Farmers want government subsidy to buy guns for protection during farm attacks

Farmers want government subsidy to buy guns for protection during farm attacks
Farm murders in South Africa

Johannesburg, South Africa – Proposal by an ex-SA Defence Force (SADF) major-general and Transvaal Agricultural Union’s (TAU) assistant policy liaison general manager retired Major-General Chris van Zyl.

He was speaking during the first round of the SA Human Rights Commission’s (SAHRC) national hearings on the safety and security challenges in farming communities in Johannesburg on Tuesday.

Van Zyl, a senior officer at the then Eastern Transvaal Command in the late 1980s and early 1990s, proposed that the state subsidised farmers to buy security systems, including firearms, to improve their safety.

He said “consideration of the possibility to subsidise the acquisition of related alarm and security systems as well as appropriate firearms suitable for self-defence against criminals often armed with semi-automatic weapons” would be appropriate.

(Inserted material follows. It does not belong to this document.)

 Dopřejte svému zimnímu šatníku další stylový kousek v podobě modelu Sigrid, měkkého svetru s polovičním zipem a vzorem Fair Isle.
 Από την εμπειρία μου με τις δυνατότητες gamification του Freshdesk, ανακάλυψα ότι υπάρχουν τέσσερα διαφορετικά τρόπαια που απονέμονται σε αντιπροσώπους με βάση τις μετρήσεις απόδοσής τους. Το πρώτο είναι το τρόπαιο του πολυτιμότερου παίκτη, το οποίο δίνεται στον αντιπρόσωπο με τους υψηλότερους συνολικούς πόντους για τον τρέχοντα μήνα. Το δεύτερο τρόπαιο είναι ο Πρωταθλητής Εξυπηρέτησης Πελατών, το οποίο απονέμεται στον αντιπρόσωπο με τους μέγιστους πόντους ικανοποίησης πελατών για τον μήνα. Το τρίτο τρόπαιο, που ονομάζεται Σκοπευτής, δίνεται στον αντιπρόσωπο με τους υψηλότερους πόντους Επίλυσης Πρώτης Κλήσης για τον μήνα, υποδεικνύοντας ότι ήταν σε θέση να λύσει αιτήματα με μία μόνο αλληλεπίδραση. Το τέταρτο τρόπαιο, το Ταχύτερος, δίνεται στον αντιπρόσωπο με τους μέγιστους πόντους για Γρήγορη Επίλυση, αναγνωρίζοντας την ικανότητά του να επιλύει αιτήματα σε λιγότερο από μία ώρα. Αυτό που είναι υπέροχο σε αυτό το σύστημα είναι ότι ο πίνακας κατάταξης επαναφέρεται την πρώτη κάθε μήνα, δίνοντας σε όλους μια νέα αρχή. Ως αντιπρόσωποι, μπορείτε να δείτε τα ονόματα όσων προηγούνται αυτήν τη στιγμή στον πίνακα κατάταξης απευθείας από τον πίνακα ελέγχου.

The hearing also heard that since 1990, 72 black farmers and 117 farmworkers have been killed. Overall, there have been 1734 murders and 3341 attacks on farms between 1990 and this past Monday.

Van Zyl said 1043 white farmers and 437 of their wives and relatives have died on South African farms since 1990.

However, he described the statistics as a conservative reflection of reality.

Van Zyl, who was in the SADF and the SA National Defence Force for 36 years, also blames a 1986 Radio Freedom broadcast – saying farmers are legitimate targets for MK operatives in the fight against apartheid – for the violence in farming communities. “Some still believe farmers are legitimate targets because of a 1986 Radio Freedom broadcast.”

He said the broadcast, aired in October that year on the ANC’s radio station, condemned “racist farmers notorious for their brutal oppression and exploitation of African labour”.

“Sabotage his farming operations. Destroy his crops. Sabotage his implements and machinery,” the broadcast continued.

It called on farmworkers to make the countryside “safe for us (Umkhonto weSizwe) and hell for the enemy”.